The Wilson-Burt Bridge in Niagara County, New York, has benefitted from this technology. This 135m-long bridge over Eighteen Mile Creek was flagged as unsafe in 2008 by the Department of Transportation. As an interim measure, the county spent US$400,000 on repairing a broken pier and the bridge was closed again in 2014 for a total rehabilitation project with a budget of US$4.2 million, including a new, wider footway.
“The footpath was old; crumbling from wear and tear and it was too narrow to support modern traffic requirements,” says Reeve. “Our lightweight Fiberspan product made it possible for designers to increase clear footpath width to 1.7m and maintain a combined load less than the original weight.”
The cantilever footway was designed to support a live load of 4kN/m2 while minimising deflections to less than 6mm, and handling a temperature differential of 38°C. Twenty prefabricated footway panels were delivered for installation on floor beams. For the increased width, W8 beams were bolted on top of the original, short beams extending perpendicular from the exterior girders. The footway panels were manufactured with a 1.76% cross-slope top surface for water drainage; an easier and more cost-effective approach than sloping support beams or installing shims. The 6.7m-long panels have a shop-applied non-slip surface. Steel connection points were embedded in the deck to attach the railing directly to the footway panels and internal steel members provide the right material for concentrated loads. The new 1.7m-wide, 135m-long cantilever footpath was reopened at the end of last year.
There are situations where adding a cantilever footway may not be appropriate. Owners considering it will first need to look at the structure’s original calculations to determine if the bridge has the capacity to handle additional live load. A bridge inspection may also be required to evaluate condition and verify strength calculations. If the footway is to be assembled on one side of a movable bridge, engineers also have to consider the effects of torsion. An extreme example might be a movable bridge in an urban area where full live load is reached during special events. There may be limits to how much increased live load a suspended bridge component can handle.
“If there is no existing footpath, the required additional live load may also limit its width,” Reeve says. “For example, a 4.6m-wide shared space may be desired but load safety factors won’t allow. Without an existing footpath, a new support structure must be attached to the exterior girders or trusses. Connecting to steel girders is simpler than connecting to concrete girders.”

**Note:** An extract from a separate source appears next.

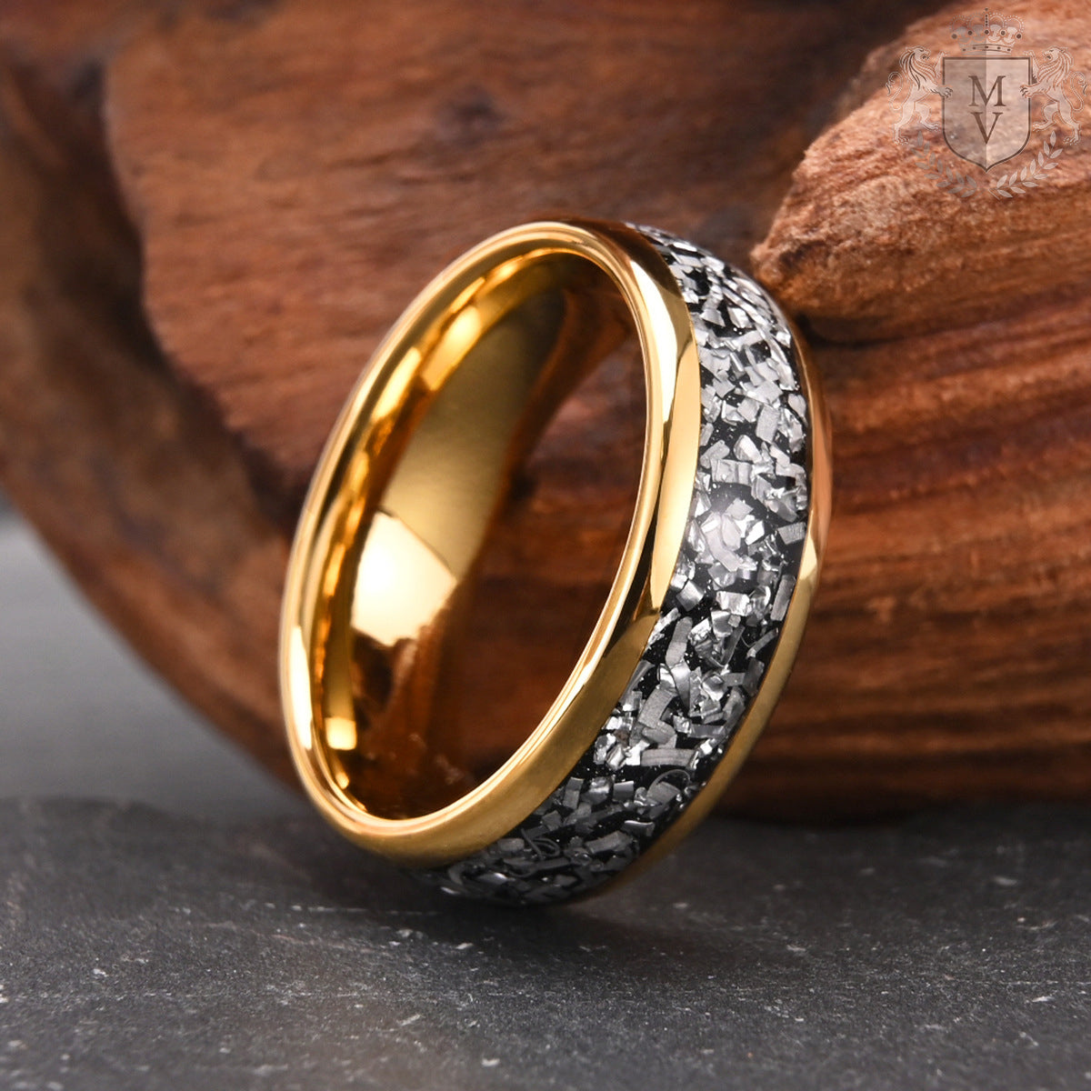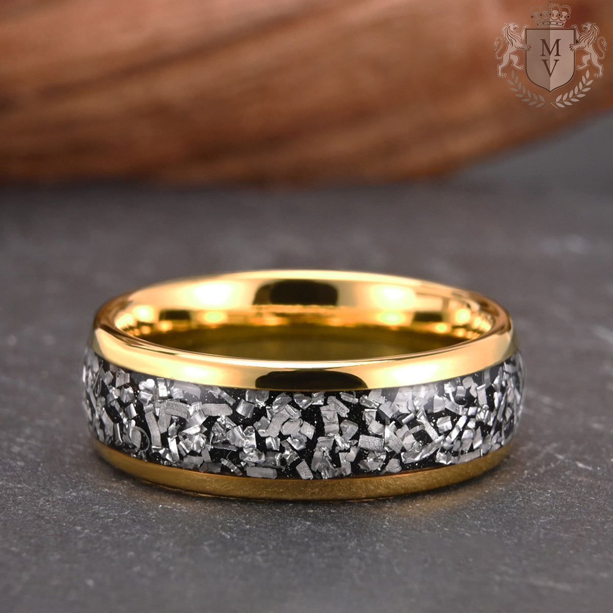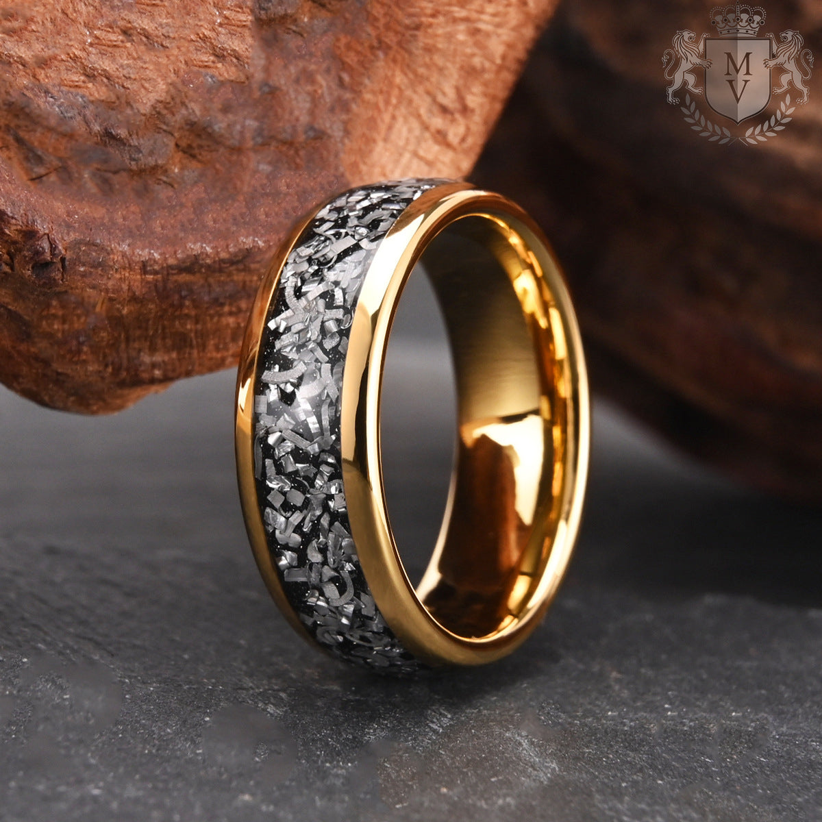 Solaris is a masterpiece of cosmic energy and refined craftsmanship. The radiant 18K gold-plated tungsten carbide band is inlaid with genuine meteorite fragments, capturing the raw power of the universe within an elegant design. A perfect balance of strength and sophistication, this ring is for those who command presence and embrace the extraordinary.

“For bridge owners it really comes down to this,” explains Reeve. “If a bridge doesn’t have a footway or can’t take the additional load, it may be more cost-effective to construct a new pedestrian bridge. However, if the pedestrian crossing is longer than 61m, and the bridge will need additional piers in the water to support the span, this can become very expensive. What we’re finding in the field is that the majority of bridges can accommodate a lightweight cantilever sidewalk."